**DATA TO USE**
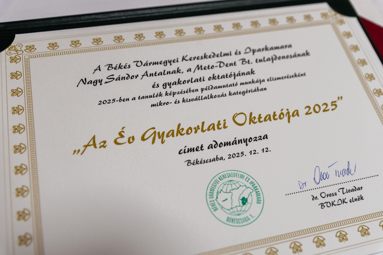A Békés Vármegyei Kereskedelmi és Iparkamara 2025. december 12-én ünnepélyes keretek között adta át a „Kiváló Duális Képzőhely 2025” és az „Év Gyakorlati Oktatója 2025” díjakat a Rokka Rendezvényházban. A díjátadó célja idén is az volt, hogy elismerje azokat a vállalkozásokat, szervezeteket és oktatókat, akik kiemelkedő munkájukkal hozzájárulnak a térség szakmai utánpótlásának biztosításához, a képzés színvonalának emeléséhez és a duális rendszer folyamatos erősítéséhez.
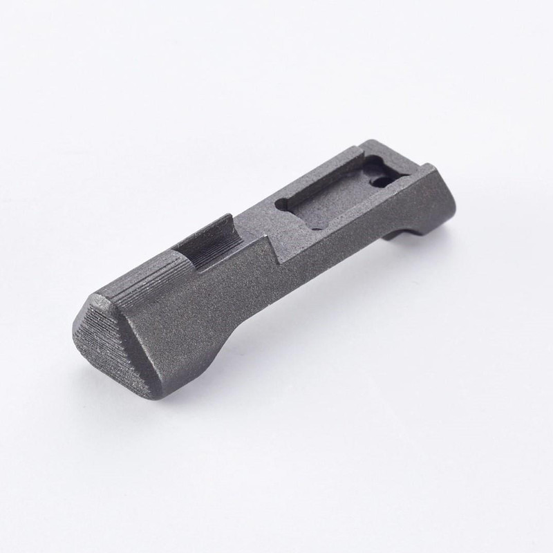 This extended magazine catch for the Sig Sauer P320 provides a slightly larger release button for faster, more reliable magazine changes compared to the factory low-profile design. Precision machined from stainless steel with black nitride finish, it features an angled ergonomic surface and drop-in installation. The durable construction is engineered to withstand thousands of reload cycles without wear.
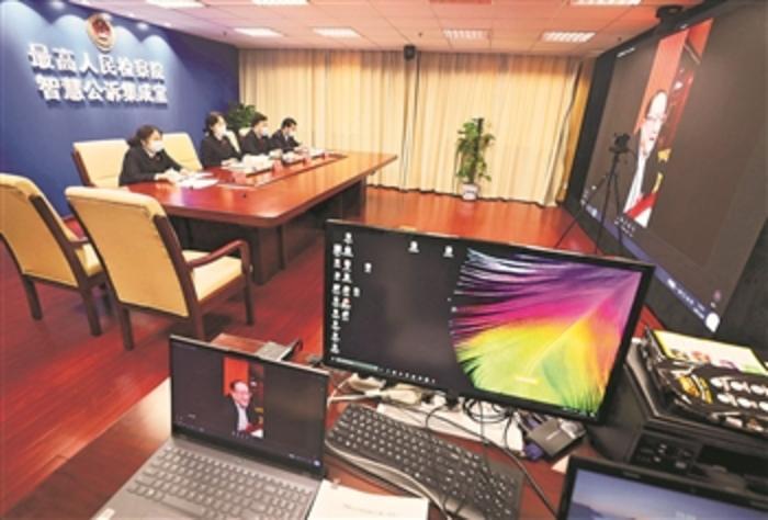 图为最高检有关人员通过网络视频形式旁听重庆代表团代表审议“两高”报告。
...
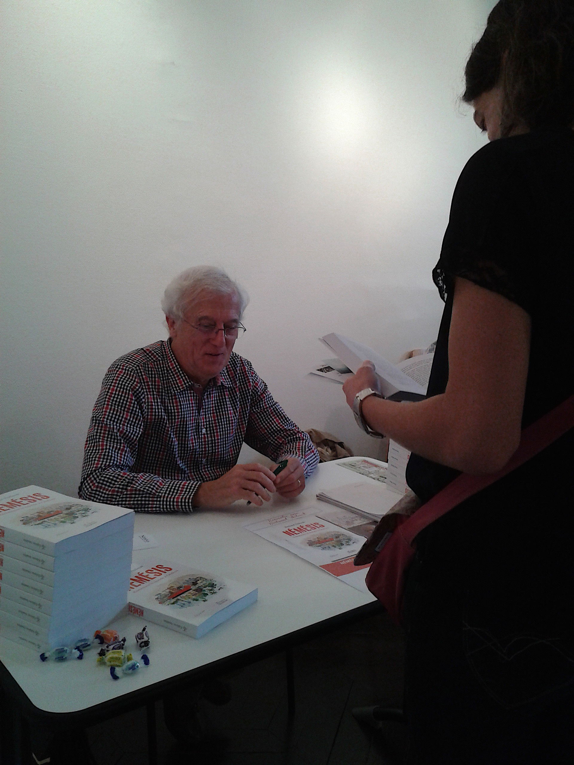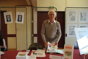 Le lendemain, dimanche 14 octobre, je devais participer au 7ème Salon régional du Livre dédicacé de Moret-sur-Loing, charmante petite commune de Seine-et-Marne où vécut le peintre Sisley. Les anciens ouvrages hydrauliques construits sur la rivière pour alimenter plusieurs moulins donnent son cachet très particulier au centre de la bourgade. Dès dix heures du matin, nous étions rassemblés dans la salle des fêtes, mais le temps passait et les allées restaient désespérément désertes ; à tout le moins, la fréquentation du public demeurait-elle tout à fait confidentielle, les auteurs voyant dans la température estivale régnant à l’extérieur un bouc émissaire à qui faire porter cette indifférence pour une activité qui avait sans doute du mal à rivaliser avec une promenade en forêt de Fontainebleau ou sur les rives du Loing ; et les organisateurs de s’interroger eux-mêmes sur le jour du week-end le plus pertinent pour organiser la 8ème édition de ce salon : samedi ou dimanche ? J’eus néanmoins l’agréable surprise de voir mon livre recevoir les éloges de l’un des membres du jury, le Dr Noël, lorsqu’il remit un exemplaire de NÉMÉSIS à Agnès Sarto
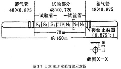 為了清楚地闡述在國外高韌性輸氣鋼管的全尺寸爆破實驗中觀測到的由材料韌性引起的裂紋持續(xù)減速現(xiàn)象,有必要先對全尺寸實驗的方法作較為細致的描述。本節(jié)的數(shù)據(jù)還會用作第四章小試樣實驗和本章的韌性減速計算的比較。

**EXERCISE DETAILS**
When you reach the line with "Le lendemain, dimanche" in the records above, start writing out each line exactly, and stop after the line with "為了清楚地闡述在國外高韌性輸". Pictures stay out.

**PROBLEM SOLUTION**
 Le lendemain, dimanche 14 octobre, je devais participer au 7ème Salon régional du Livre dédicacé de Moret-sur-Loing, charmante petite commune de Seine-et-Marne où vécut le peintre Sisley. Les anciens ouvrages hydrauliques construits sur la rivière pour alimenter plusieurs moulins donnent son cachet très particulier au centre de la bourgade. Dès dix heures du matin, nous étions rassemblés dans la salle des fêtes, mais le temps passait et les allées restaient désespérément désertes ; à tout le moins, la fréquentation du public demeurait-elle tout à fait confidentielle, les auteurs voyant dans la température estivale régnant à l’extérieur un bouc émissaire à qui faire porter cette indifférence pour une activité qui avait sans doute du mal à rivaliser avec une promenade en forêt de Fontainebleau ou sur les rives du Loing ; et les organisateurs de s’interroger eux-mêmes sur le jour du week-end le plus pertinent pour organiser la 8ème édition de ce salon : samedi ou dimanche ? J’eus néanmoins l’agréable surprise de voir mon livre recevoir les éloges de l’un des membres du jury, le Dr Noël, lorsqu’il remit un exemplaire de NÉMÉSIS à Agnès Sarto
 為了清楚地闡述在國外高韌性輸氣鋼管的全尺寸爆破實驗中觀測到的由材料韌性引起的裂紋持續(xù)減速現(xiàn)象,有必要先對全尺寸實驗的方法作較為細致的描述。本節(jié)的數(shù)據(jù)還會用作第四章小試樣實驗和本章的韌性減速計算的比較。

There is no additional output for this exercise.